How to be aware of the becoming.

to practice this undoing of the concrete world is an essential exercise in knowing and becoming

With every word I write I am becoming something else.

I feel like I am alerting every cell in my body to this change, but it most certainly is the other way around. I arrive at each word—a culmination of the forces working within—unconsciously, as if it materializes from the ether, to become the person who would feel sensations and think thoughts and move in this world. 

And my daughters are doing the same thing every day: they are becoming someone new right before my eyes. 

How do you teach them to embrace that journey? How do you help them feel safe in this unsettled and constant transformation? How do you show them how to celebrate this radical, awe-inspiring evolution when we ourselves are also always evolving?

When we consider the constant flow of change, that we are always becoming something other, how can we feel confident that we know anyone, that we know ourselves? 

We have to change how we define knowing and becoming.

We have to change how we think about identity.

And we have to leave space for ourselves and for each other to become. 

We have to allow for some room to navigate the becoming, or we stifle the process and influence an unbecoming.

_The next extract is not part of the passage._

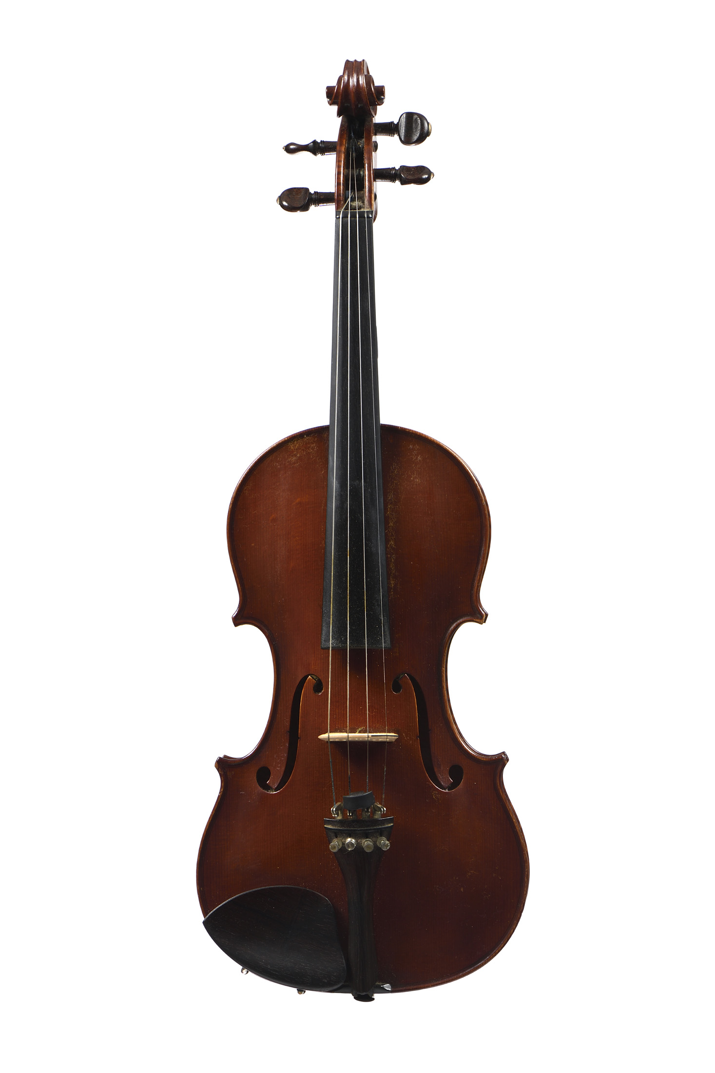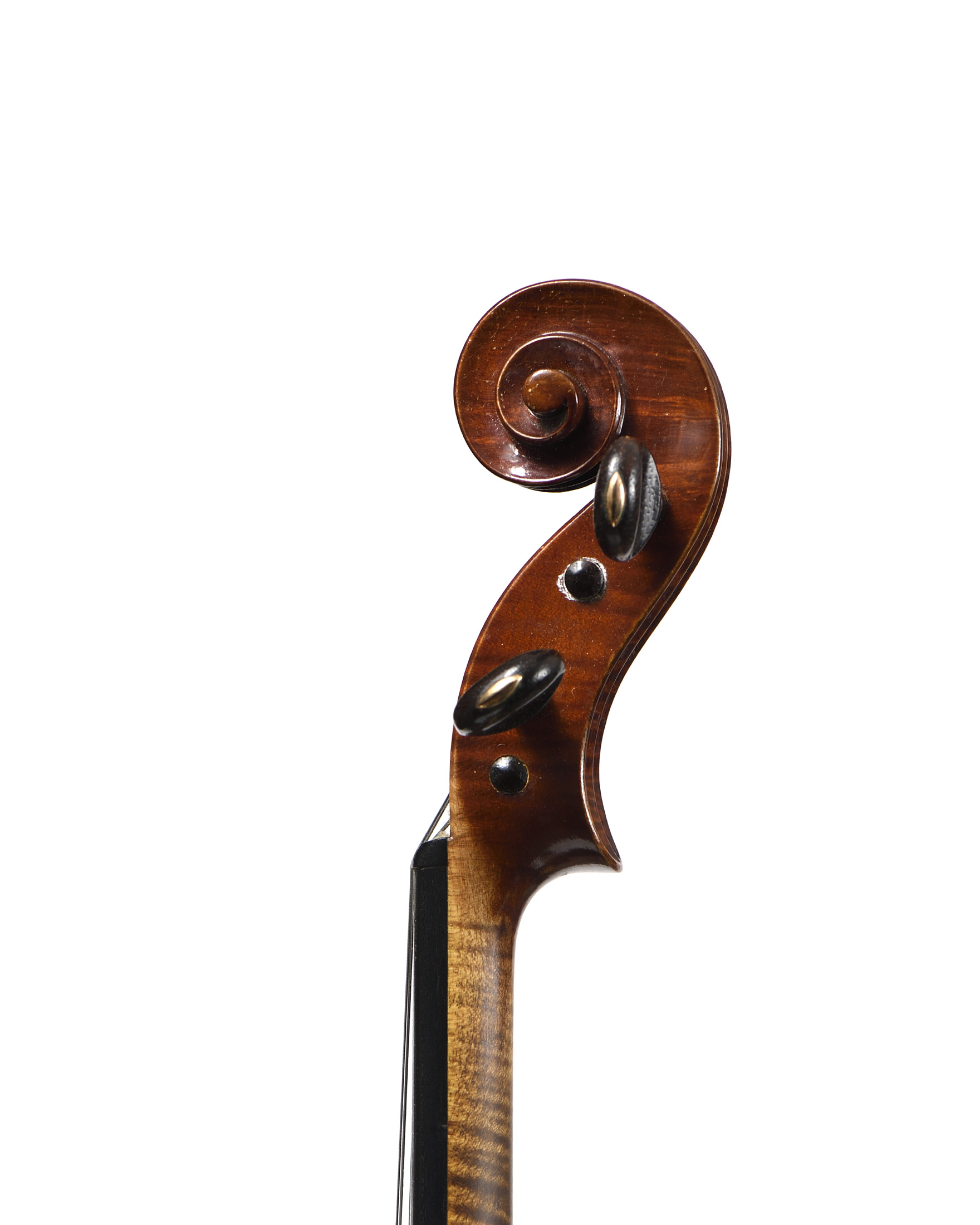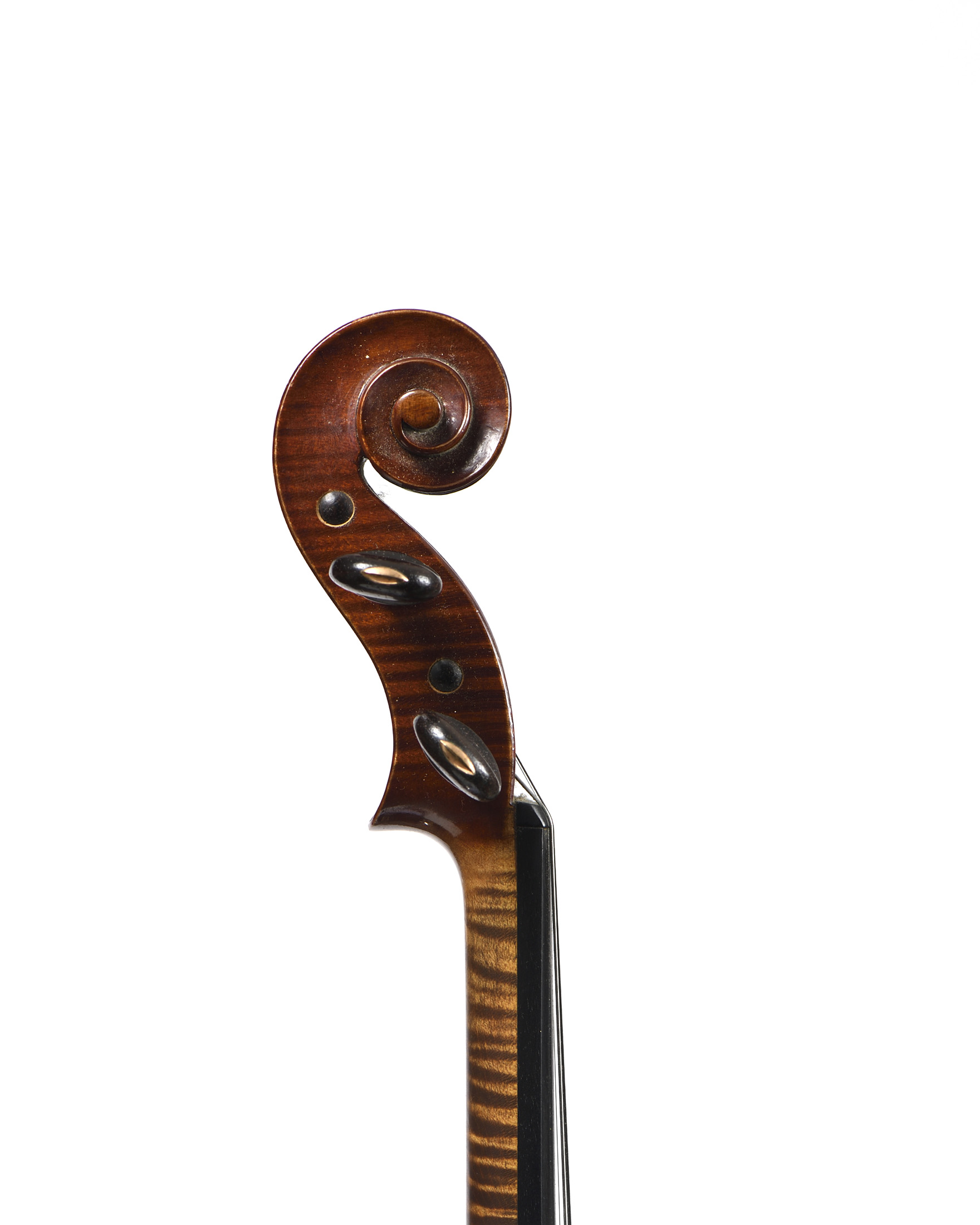 dont il porte l'étiquette originale "Fait par Paul Hilaire en 1964. N°34." Ainsi que ses signatures manuscrites sur l'étiquette et sur le fond. Fond d'une pièce en bel érable aux ondes régulières. Vernis brun orangé sur fond doré. 357 mm.

To become, we have to remain fluid. We can't define boundaries, we have to resist the urge to settle into our own identities and the definitions we enforce. At any moment, we have to be willing to not know, to lose a definition, to exist in a world where we don't understand something we thought was concrete, something we ultimately took for granted.

This is why I believe these one-word prompts are crucial to our understanding of the world and of each other. To practice this undoing of the concrete world is an essential exercise in knowing and becoming. 

If we can pull apart the basic words that define how we move and feel in this world, if we can deconstruct the words we use to connect with one another, we can redefine them and work to understand what they really mean to us and others. 

So when we say I am happy, I am in love, I am hurt, I am scared, I am hopeful, we not only know what we mean, we can understand the person saying it because we've done the same with words like dad, partner, writer, daughter, woman, mother, and we've allowed space for those definitions to ebb and flow.